**Records provided**.

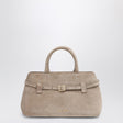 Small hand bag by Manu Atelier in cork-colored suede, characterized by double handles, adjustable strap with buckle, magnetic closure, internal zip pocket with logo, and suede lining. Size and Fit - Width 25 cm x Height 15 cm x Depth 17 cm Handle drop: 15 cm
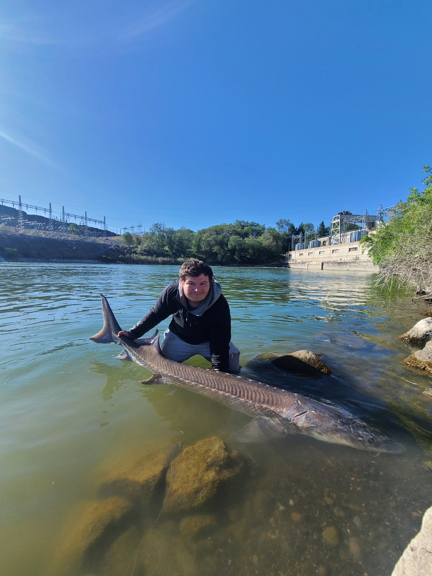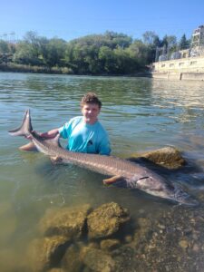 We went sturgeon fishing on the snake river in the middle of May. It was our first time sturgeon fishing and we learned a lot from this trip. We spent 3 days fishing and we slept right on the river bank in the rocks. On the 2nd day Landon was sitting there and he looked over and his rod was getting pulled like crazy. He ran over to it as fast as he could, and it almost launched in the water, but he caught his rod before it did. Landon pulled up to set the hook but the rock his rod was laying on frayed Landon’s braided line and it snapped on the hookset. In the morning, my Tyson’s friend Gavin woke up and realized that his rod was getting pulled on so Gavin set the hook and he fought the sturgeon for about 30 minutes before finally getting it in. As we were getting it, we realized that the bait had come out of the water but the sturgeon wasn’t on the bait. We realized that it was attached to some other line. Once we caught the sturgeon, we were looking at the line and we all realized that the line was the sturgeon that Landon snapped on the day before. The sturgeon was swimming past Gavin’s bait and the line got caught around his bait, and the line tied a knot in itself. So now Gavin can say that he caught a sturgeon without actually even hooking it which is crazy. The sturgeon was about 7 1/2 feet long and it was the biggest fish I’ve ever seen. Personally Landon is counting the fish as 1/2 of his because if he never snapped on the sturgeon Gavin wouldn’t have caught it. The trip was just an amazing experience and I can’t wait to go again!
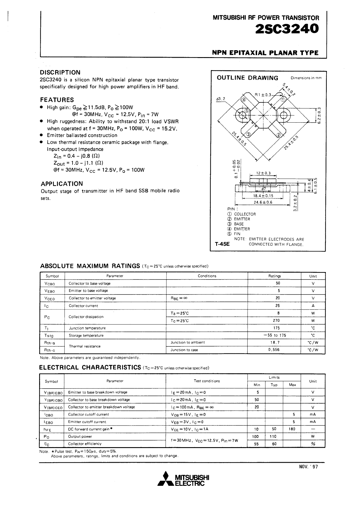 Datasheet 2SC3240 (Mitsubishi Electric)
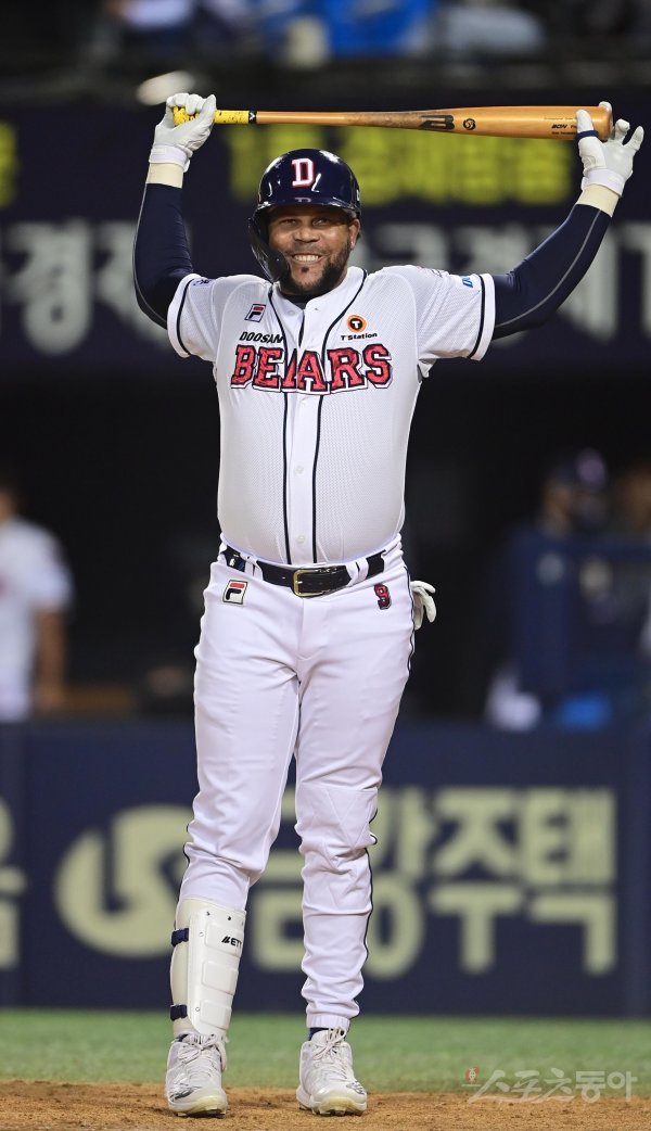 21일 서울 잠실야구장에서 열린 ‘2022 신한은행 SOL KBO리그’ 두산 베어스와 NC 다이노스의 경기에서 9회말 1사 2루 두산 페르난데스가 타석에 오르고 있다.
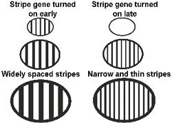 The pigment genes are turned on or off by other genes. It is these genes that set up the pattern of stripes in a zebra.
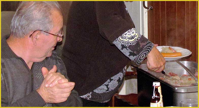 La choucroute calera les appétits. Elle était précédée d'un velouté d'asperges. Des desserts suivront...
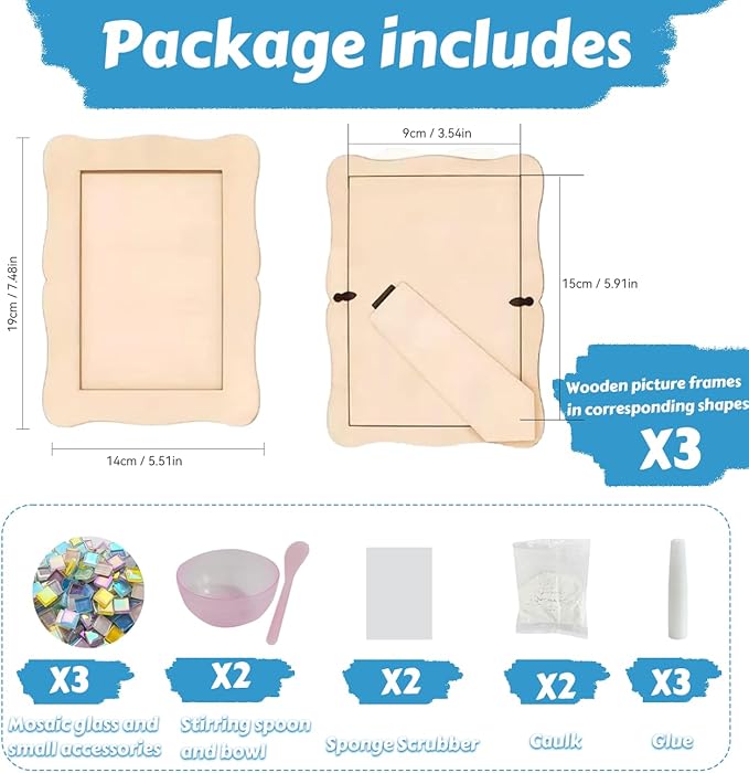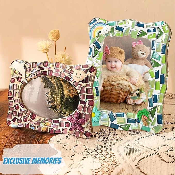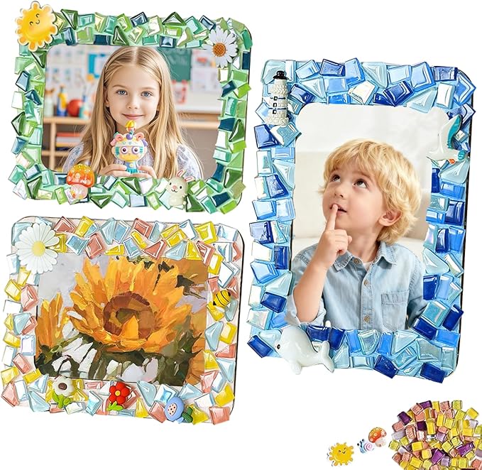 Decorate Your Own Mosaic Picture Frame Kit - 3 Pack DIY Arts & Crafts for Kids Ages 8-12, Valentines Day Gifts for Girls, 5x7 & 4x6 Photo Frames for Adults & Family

---

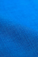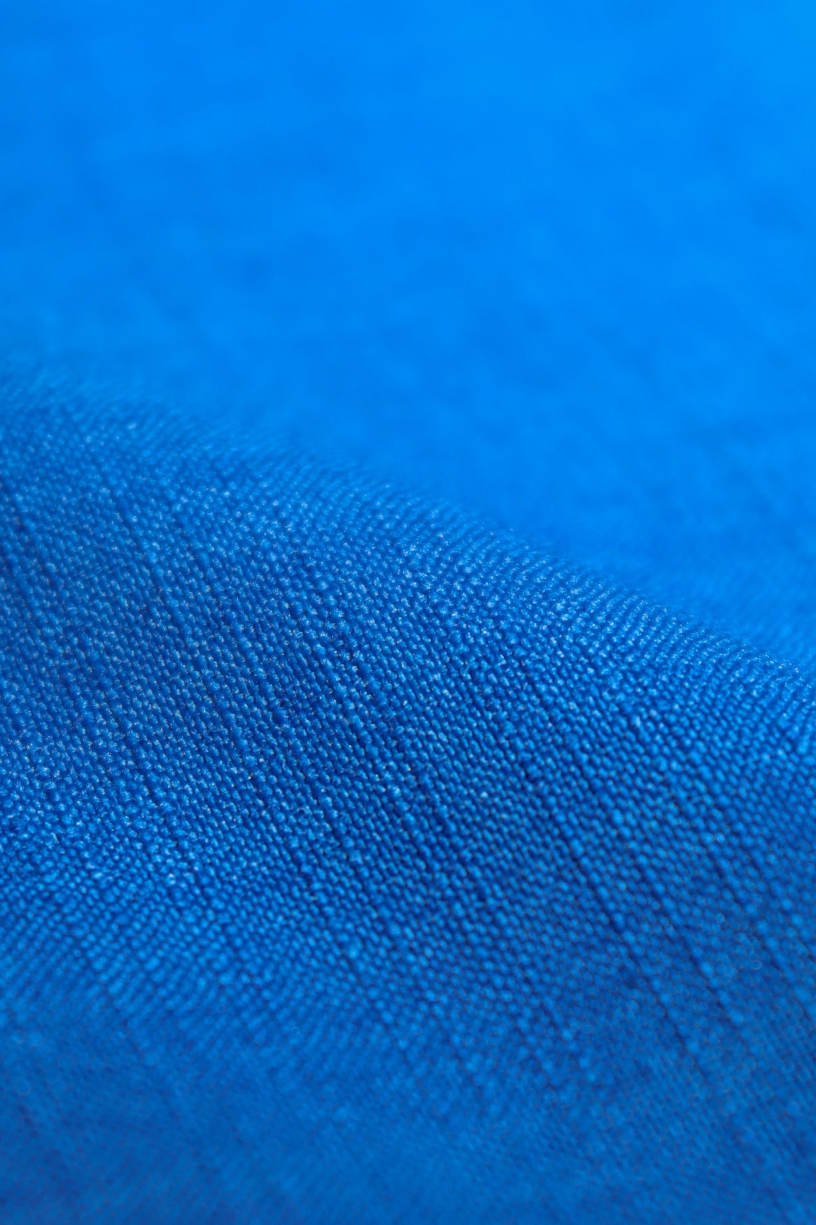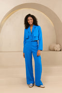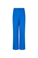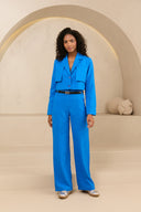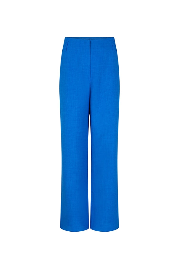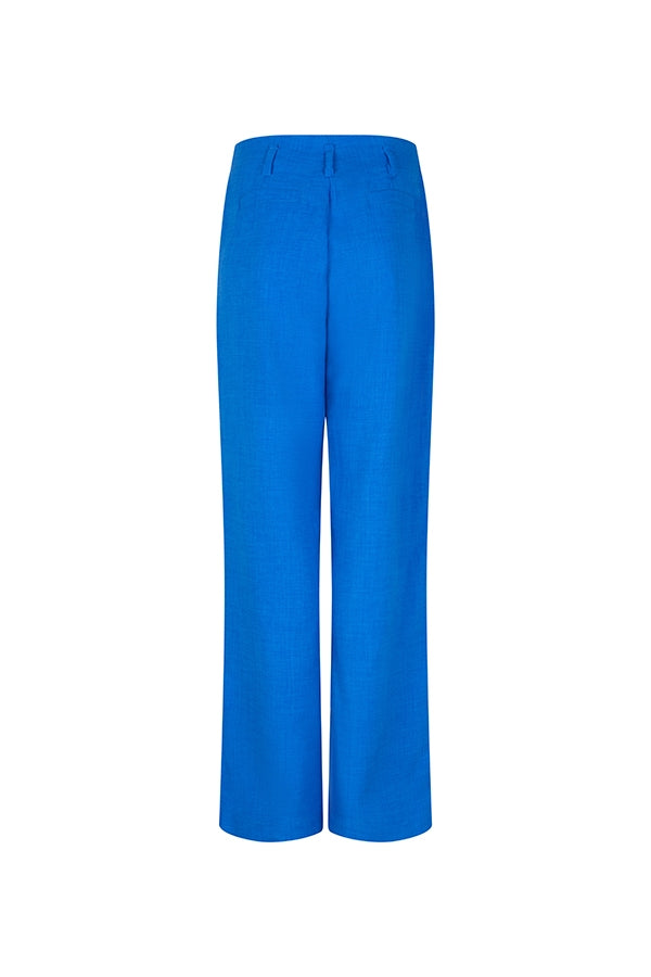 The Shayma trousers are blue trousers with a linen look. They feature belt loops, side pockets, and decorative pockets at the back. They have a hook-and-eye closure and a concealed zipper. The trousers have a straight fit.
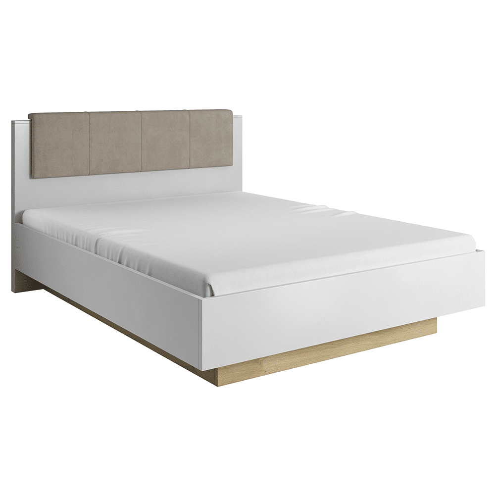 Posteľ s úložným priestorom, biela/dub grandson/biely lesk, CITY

**Task to complete**. Excerpt from the records above: set down only the lines from the one that contains "Small hand bag" through the one that contains "21일 서울 잠실야구장에서", inclusive, word for word. Pictures stay out.

**Problem solution**.
 Small hand bag by Manu Atelier in cork-colored suede, characterized by double handles, adjustable strap with buckle, magnetic closure, internal zip pocket with logo, and suede lining. Size and Fit - Width 25 cm x Height 15 cm x Depth 17 cm Handle drop: 15 cm
 We went sturgeon fishing on the snake river in the middle of May. It was our first time sturgeon fishing and we learned a lot from this trip. We spent 3 days fishing and we slept right on the river bank in the rocks. On the 2nd day Landon was sitting there and he looked over and his rod was getting pulled like crazy. He ran over to it as fast as he could, and it almost launched in the water, but he caught his rod before it did. Landon pulled up to set the hook but the rock his rod was laying on frayed Landon’s braided line and it snapped on the hookset. In the morning, my Tyson’s friend Gavin woke up and realized that his rod was getting pulled on so Gavin set the hook and he fought the sturgeon for about 30 minutes before finally getting it in. As we were getting it, we realized that the bait had come out of the water but the sturgeon wasn’t on the bait. We realized that it was attached to some other line. Once we caught the sturgeon, we were looking at the line and we all realized that the line was the sturgeon that Landon snapped on the day before. The sturgeon was swimming past Gavin’s bait and the line got caught around his bait, and the line tied a knot in itself. So now Gavin can say that he caught a sturgeon without actually even hooking it which is crazy. The sturgeon was about 7 1/2 feet long and it was the biggest fish I’ve ever seen. Personally Landon is counting the fish as 1/2 of his because if he never snapped on the sturgeon Gavin wouldn’t have caught it. The trip was just an amazing experience and I can’t wait to go again!
 Datasheet 2SC3240 (Mitsubishi Electric)
 21일 서울 잠실야구장에서 열린 ‘2022 신한은행 SOL KBO리그’ 두산 베어스와 NC 다이노스의 경기에서 9회말 1사 2루 두산 페르난데스가 타석에 오르고 있다.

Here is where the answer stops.